About this exercise =
Copy nothing but the lines below, from the one with "折射计也叫折光仪,当光线通过" through the one with "面料公司經理王超、家紡公司經", exactly as written; no pictures should appear.

Material for this exercise =
────

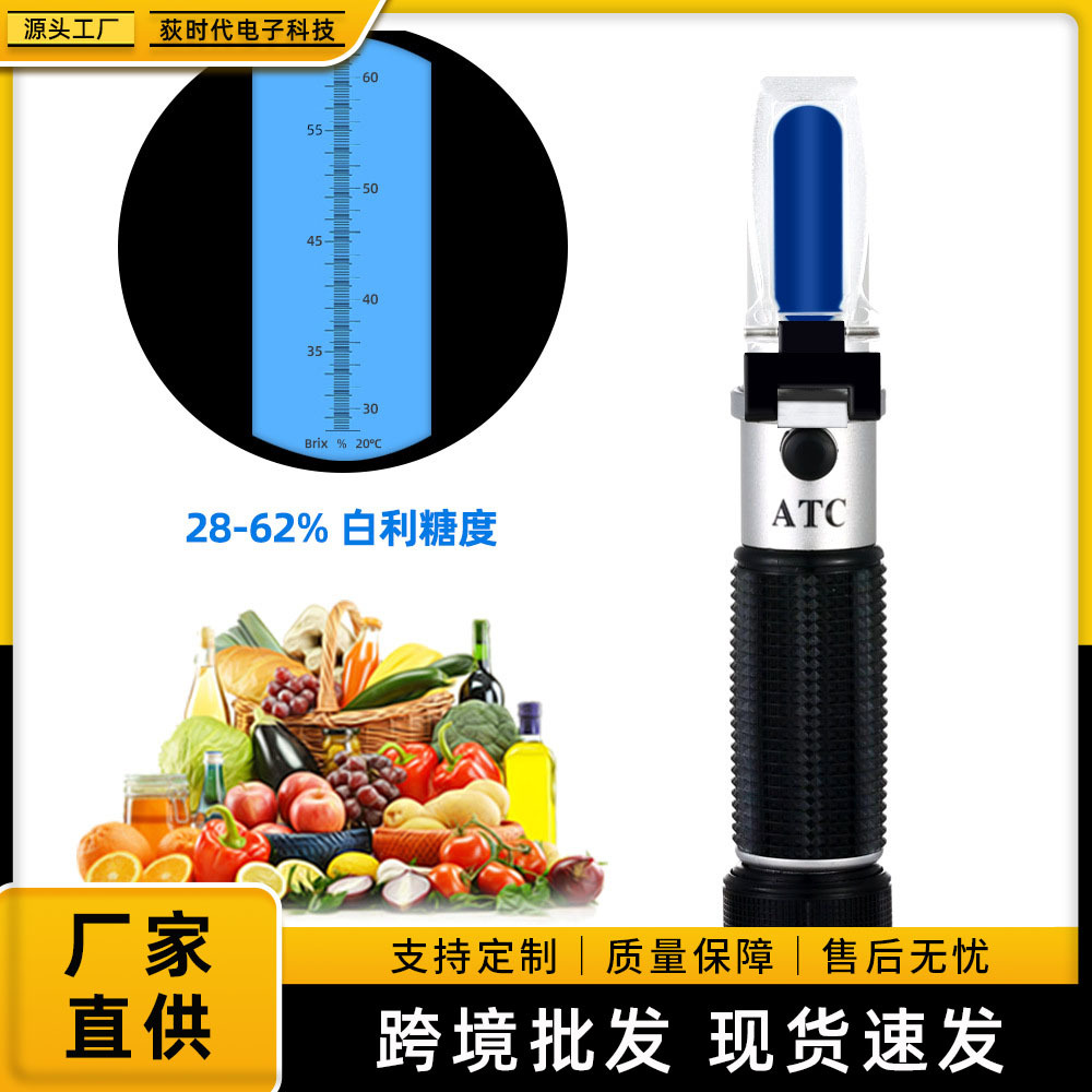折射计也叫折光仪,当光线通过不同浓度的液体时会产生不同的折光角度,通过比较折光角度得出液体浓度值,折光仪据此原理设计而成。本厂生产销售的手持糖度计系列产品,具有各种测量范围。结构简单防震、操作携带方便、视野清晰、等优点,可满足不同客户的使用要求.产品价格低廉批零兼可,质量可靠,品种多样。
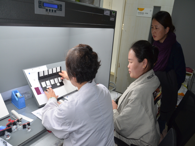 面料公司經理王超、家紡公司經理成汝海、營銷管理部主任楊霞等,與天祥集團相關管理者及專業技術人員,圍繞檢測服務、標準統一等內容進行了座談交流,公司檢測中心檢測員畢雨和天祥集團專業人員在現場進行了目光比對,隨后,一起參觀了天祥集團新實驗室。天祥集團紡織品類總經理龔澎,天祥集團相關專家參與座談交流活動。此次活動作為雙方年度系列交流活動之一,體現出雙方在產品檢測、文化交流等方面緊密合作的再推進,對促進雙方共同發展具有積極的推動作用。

────

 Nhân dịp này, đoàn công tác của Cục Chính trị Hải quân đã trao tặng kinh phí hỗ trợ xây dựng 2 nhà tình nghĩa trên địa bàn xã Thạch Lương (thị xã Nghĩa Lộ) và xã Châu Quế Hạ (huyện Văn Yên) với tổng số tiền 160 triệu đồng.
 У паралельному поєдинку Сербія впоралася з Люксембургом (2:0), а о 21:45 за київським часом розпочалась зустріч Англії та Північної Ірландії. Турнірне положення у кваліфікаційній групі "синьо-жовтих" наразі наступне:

────

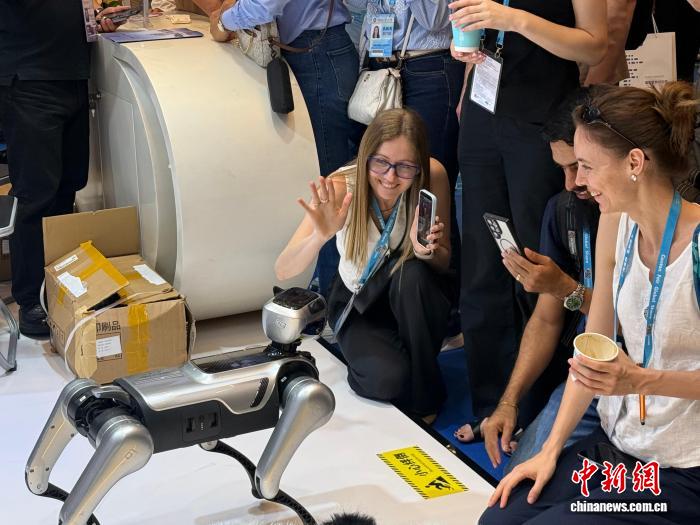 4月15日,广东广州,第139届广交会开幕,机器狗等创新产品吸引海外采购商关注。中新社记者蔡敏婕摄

────

Solution to this problem =
折射计也叫折光仪,当光线通过不同浓度的液体时会产生不同的折光角度,通过比较折光角度得出液体浓度值,折光仪据此原理设计而成。本厂生产销售的手持糖度计系列产品,具有各种测量范围。结构简单防震、操作携带方便、视野清晰、等优点,可满足不同客户的使用要求.产品价格低廉批零兼可,质量可靠,品种多样。
 面料公司經理王超、家紡公司經理成汝海、營銷管理部主任楊霞等,與天祥集團相關管理者及專業技術人員,圍繞檢測服務、標準統一等內容進行了座談交流,公司檢測中心檢測員畢雨和天祥集團專業人員在現場進行了目光比對,隨后,一起參觀了天祥集團新實驗室。天祥集團紡織品類總經理龔澎,天祥集團相關專家參與座談交流活動。此次活動作為雙方年度系列交流活動之一,體現出雙方在產品檢測、文化交流等方面緊密合作的再推進,對促進雙方共同發展具有積極的推動作用。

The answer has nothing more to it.